Similarly, the main dispute in the ongoing case of Reddit v. Anthropic (San Francisco County Superior Court) raises concerns about how AI companies obtain and use online content for model training when that content is created by users who never consented to its commercial use. This case involves user-generated posts, including deleted material, being treated as training data for Anthropic’s Claude LLMs (see Reddit, Inc. v. Anthropic PBC, No. CGC-25-625892 (Cal. Super. Ct. San Francisco Cty. June 4, 2025)). Reddit alleges that Anthropic trained its models on Reddit data without authorization and continued to collect Reddit content even after claiming to have blocked its systems from accessing the site (Reddit, No. CGC-25-625892). This raises the question of whether the collection of user-generated content for AI training is a form of unlicensed commercial use and whether our existing legal constraints are enough to protect writers against data and thought extraction. Aside from user-consent discourse, it is essential to examine overall authorship through authors and their risks in this copyright race.

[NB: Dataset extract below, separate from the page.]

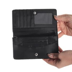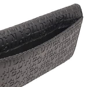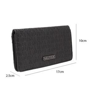 Sophistication and functionality combine in this elegant black flap wallet, designed for those seeking style and practicality in a single accessory. Its refined texture with a pattern alluding to the brand adds a distinctive touch, while the metallic detail on the front enhances its exclusive design. Inside, it offers an organized space for bills, multiple card slots, and a special coin compartment, ensuring maximum convenience for everyday use. It also features an external sliding compartment on the back, ideal for quick access to frequently used documents or cards.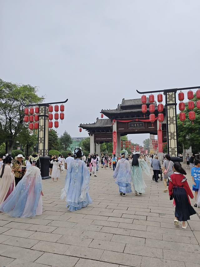建议大家出行用电动车,美团上有团购,4.5元骑了10次,就是景点门口不让停车,需要多骑200米再往回走,不然会罚停车管理费10元。从大运河博物馆骑美团电动车到洛邑古城只要几分钟,白天的古城都是穿古装拍照的,晚上有灯光和表演应该更有氛围感。出口就是十字街,沿着十字街可以走到丽景门,一路上各种美食。

Kadrey v. Meta Platforms, Inc. (Northern District of California) is an ongoing lawsuit brought by three authors, who claim Meta illegally used their books to train its Large Language Model Meta AI (LLaMA) model (see Kadrey v. Meta Platforms, Inc., No. 3:23-cv-03417 (N.D. Cal. Mar. 7, 2025)). In this case, it was concluded that the plaintiffs failed to show that AI’s outputs reproduced their copyrighted text, which limits copyright protection to reach only near-exact copying instead of the author’s style and ideas (Kadrey, No. 3:23-cv-03417). Copyright law may not be sufficient to protect the original expression, indicative of journalism. This raises a concern: if AI can consume and mimic tone, structure, and writing methods without being legally considered “copying,” this means the traditional skill set that sets apart human writers becomes harder to defend. AI-generated content may compete with human work, and the lack of legal restrictions will make it hard to uphold the economic and creative value of authorship. This creates a vicious cycle where even if the journalist puts out more and relevant writing, it only becomes more training data for AI to copy; as a result, the journalist is stuck training their replacement until they’re outcompeted.

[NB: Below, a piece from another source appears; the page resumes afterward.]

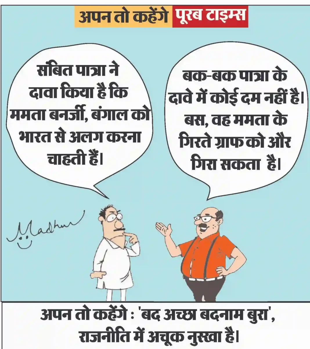 आज का कार्टून Less than 1 min.Read आज का कार्टून : “बद अच्छा बदनाम बुरा, राजनीति में अचूक नुस्खा है। By Poorab Times January 18, 2026 Share FacebookTwitterPinterestWhatsApp More Topics आज का कार्टून आज का कार्टून : क्या कहते हैं युद्ध रोकने के लिये ठंडाई के नशे में डूबे, ब्रह्मांड के सबसे बड़ा एक्सपर्ट 0 छत्तीसगढ़ अस्पतालों से रोजाना निकलने वाला घातक कचरा बिलासपुर वासियों के लिए बेहद चिंताजनक विषयों क्यों है ? 0 आयुक्त, नगर पालिक निगम बिलासपुर क्या घातक चिकित्सीय... छत्तीसगढ़ इंडिया स्किल 2025-26 में छत्तीसगढ़ को मिली ऐतिहासिक सफलता 0 -छत्तीसगढ़ के प्रतिभागियों ने ईस्ट ज़ोन प्रतियोगिता में जीते... देश सोनिया गांधी ने पीएम मोदी के विदेश नीति पर उठाए सवाल,चुप क्यों है सरकार 0 राहुल गांधी ने स्पष्ट कहा कि सुरक्षा चिंताएँ वास्तविक... महिला जगत रूखे बालों में आ जाएगी जान, एलोवेरा के इस आसान नुस्खे से बनाएं नेचुरल कंडीशनर 0 प्रदूषण, केमिकल युक्त हेयर प्रोडक्ट्स और गलत हेयर केयर... महिला जगत होली के मौके पर ठंडी-ठंडी ठंडाई घर पर ही बनाएं 0 होली में रंग खेलने के बाद जब गला सूख... छत्तीसगढ़ 90 वर्षीय चाका बाई पुनः सुन सकती है जीवन की मधुर ध्वनि 0 -मुख्यमंत्री कैंप कार्यालय में श्रवणदोष से पीड़ित चाका बाई... छत्तीसगढ़ 18 दिवसीय सर्विस ऑन व्हील्स अभियान बना जनसेवा की मिसाल, हजारों दिव्यांगजन एवं वृद्धजन लाभान्वित 0 जिले में समाज कल्याण विभाग द्वारा संचालित 18 दिवसीय... इसे भी पढ़े आज का कार्टून : क्या कहते हैं युद्ध रोकने के लिये ठंडाई के नशे में डूबे, ब्रह्मांड के सबसे बड़ा एक्सपर्ट आज का कार्टून March 3, 2026 आज का कार्टून : पाकिस्तान क्रिकेट बोर्ड का नया मंत्र: “जीतो या घर की रजिस्ट्री लाओ” आज का कार्टून March 2, 2026 आज का कार्टून : पिचकारी से रंग व गोल गुब्बारा, लगाओ सीधा अंकल के पेट पर निशाना और बोलो ‘बुरा न मानो होली है’ आज का कार्टून March 1, 2026 आज का कार्टून : महाशक्तियों की म्यूजिकल चेयर रेस में क्या रूस-चीन की ईरान युद्ध में ‘बैकडोर’ एंट्री होगी ? आज का कार्टून February 28, 2026 आज का कार्टून : क्या 64 रन से लंका दहन कर सेमीफाइनल की ‘राह’ ढूँढ पाएगा पाकिस्तान? आज का कार्टून February 28, 2026 आज का कार्टून : सत्य पहले जीता था या अभी जीता है , वह तो सत्य ही जानता है . पर चुनाव हारने का... आज का कार्टून February 27, 2026 आज का कार्टून : एआई और ड्रोन की एंट्री से अब छत्तीसगढ़ का किसान खेत में केवल पसीना ही नहीं, बल्कि ‘सॉफ्टवेयर’ भी चलाएगा... आज का कार्टून February 26, 2026 आज का कार्टून : आप इन आत्मनिर्भर ब्रेक्स के लिए कोई मजबूत शू ब्रांड तलाश रही हैं? 😊 आज का कार्टून February 25, 2026 आज का कार्टून : सियासत का बुलडोजर बनाम शास्त्र की आस्था – किसमें कितना हैं दम ? आज का कार्टून February 24, 2026

The cases discussed demonstrate that as courts begin to address the legal implications of AI, they are part of a broader conversation about how news is created and trusted. Expressions of media have always relied on a human connection between the reporter and the reader, but as AI becomes more capable of producing this valuable text, we need to ensure technology does not distance the public from human responsibility. There is value in human expression through the unique capabilities of ethics and creativity in written work, which must be protected to preserve quality and trust in media.
Citations:
17 U.S.C. § 107 (2024)
Beyond Copyright: Reddit’s Lawsuit Against Anthropic, AILaw & Policy (June 17, 2025), https://www.ailawandpolicy.com/2025/06/beyond-copyright-reddits-lawsuit-against-anthropic/#_ftn1
Kadrey v. Meta Platforms, Inc., No. 3:23-cv-03417, ECF No. 598 (N.D. Cal. Mar. 7, 2025).
The New York Times Co. v. Microsoft Corp., No. 1:23-cv-11195, ECF No. 514 (S.D.N.Y. Apr. 4, 2025).
Reddit, Inc. v. Anthropic PBC, No. CGC-25-625892 (Cal. Super. Ct. S.F. Cnty. June 4, 2025) (complaint).Reddit, Inc. v. Anthropic PBC, No. CGC-25-625892 (Cal. Super. Ct. S.F. Cnty. June 4, 2025).